EXERCISE GOAL: Below are entries. Give back exactly the lines from the one containing "순금(24K) : 매입가 66만 5000원 / 매도가 55만 3000원" through the one containing "Si vous sélectionnez l'option", inclusive, without the pictures.

DATASET EXCERPTS:

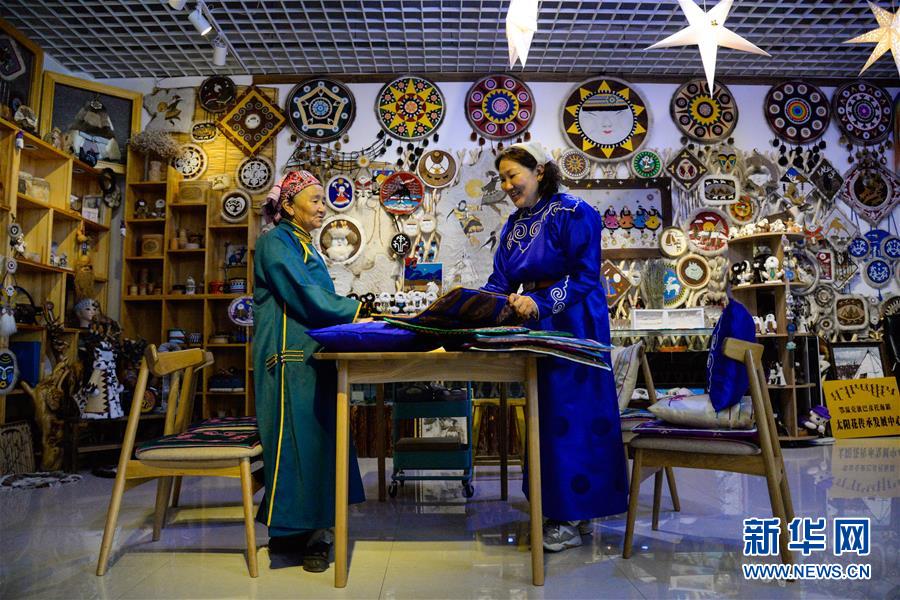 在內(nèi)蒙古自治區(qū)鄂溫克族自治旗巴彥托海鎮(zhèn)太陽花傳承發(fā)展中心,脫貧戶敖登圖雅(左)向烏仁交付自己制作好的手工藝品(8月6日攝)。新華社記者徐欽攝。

...

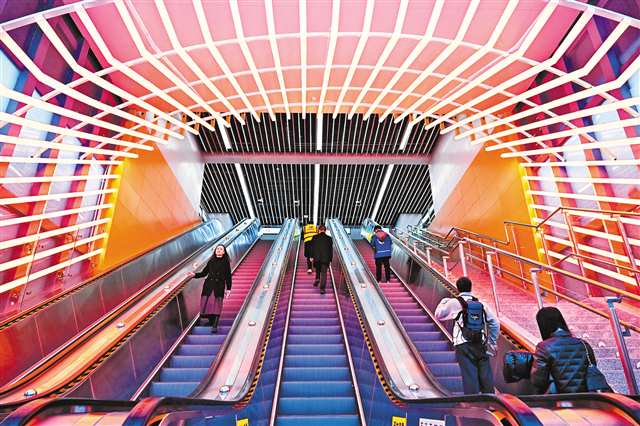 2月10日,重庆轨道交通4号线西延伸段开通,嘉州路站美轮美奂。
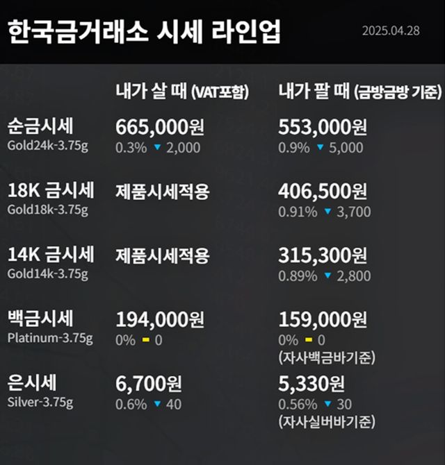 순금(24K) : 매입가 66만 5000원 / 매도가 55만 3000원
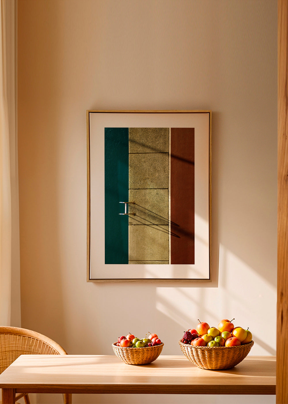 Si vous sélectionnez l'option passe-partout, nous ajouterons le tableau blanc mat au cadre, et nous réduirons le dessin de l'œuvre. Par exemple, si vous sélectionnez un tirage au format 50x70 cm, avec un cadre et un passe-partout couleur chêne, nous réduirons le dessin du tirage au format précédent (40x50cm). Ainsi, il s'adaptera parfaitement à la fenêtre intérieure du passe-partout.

==

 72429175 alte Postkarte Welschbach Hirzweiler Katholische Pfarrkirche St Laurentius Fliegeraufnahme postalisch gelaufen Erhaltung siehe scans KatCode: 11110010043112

RESULT OF THIS TASK:
 순금(24K) : 매입가 66만 5000원 / 매도가 55만 3000원
 Si vous sélectionnez l'option passe-partout, nous ajouterons le tableau blanc mat au cadre, et nous réduirons le dessin de l'œuvre. Par exemple, si vous sélectionnez un tirage au format 50x70 cm, avec un cadre et un passe-partout couleur chêne, nous réduirons le dessin du tirage au format précédent (40x50cm). Ainsi, il s'adaptera parfaitement à la fenêtre intérieure du passe-partout.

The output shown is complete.